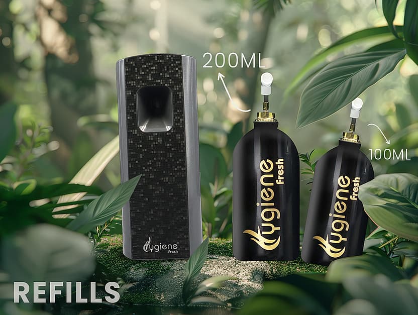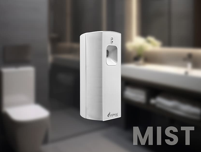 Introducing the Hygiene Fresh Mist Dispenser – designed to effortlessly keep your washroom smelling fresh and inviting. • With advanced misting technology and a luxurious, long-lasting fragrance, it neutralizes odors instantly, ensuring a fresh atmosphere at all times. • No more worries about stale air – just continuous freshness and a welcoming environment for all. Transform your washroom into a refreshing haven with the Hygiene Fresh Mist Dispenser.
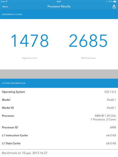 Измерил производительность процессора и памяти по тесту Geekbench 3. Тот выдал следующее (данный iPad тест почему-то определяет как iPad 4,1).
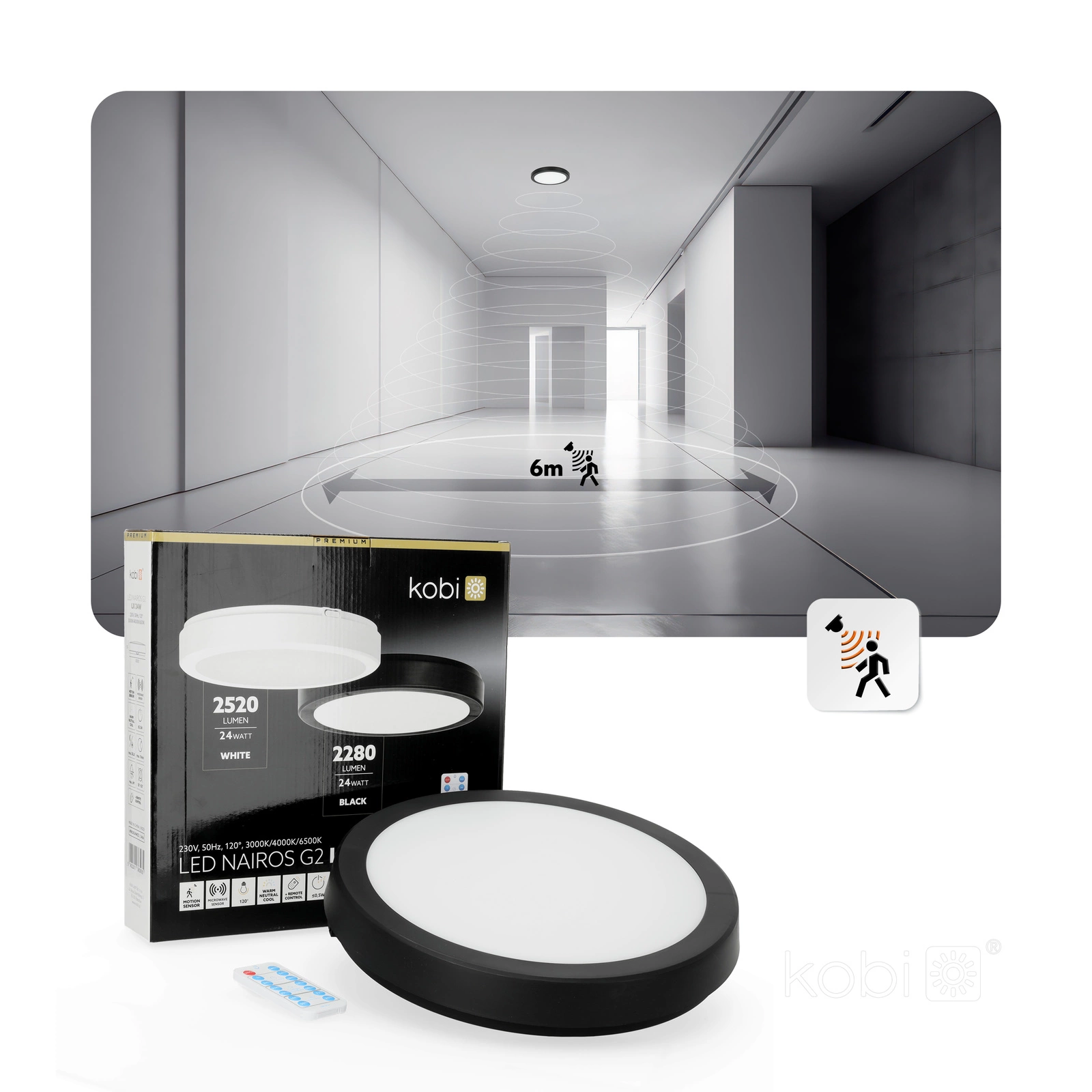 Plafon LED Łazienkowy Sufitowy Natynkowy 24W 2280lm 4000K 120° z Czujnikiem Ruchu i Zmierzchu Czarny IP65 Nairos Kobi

• Task to complete: Print the material above exactly as it appears, but not its pictures.

• Completed task:
 Introducing the Hygiene Fresh Mist Dispenser – designed to effortlessly keep your washroom smelling fresh and inviting. • With advanced misting technology and a luxurious, long-lasting fragrance, it neutralizes odors instantly, ensuring a fresh atmosphere at all times. • No more worries about stale air – just continuous freshness and a welcoming environment for all. Transform your washroom into a refreshing haven with the Hygiene Fresh Mist Dispenser.
 Измерил производительность процессора и памяти по тесту Geekbench 3. Тот выдал следующее (данный iPad тест почему-то определяет как iPad 4,1).
 Plafon LED Łazienkowy Sufitowy Natynkowy 24W 2280lm 4000K 120° z Czujnikiem Ruchu i Zmierzchu Czarny IP65 Nairos Kobi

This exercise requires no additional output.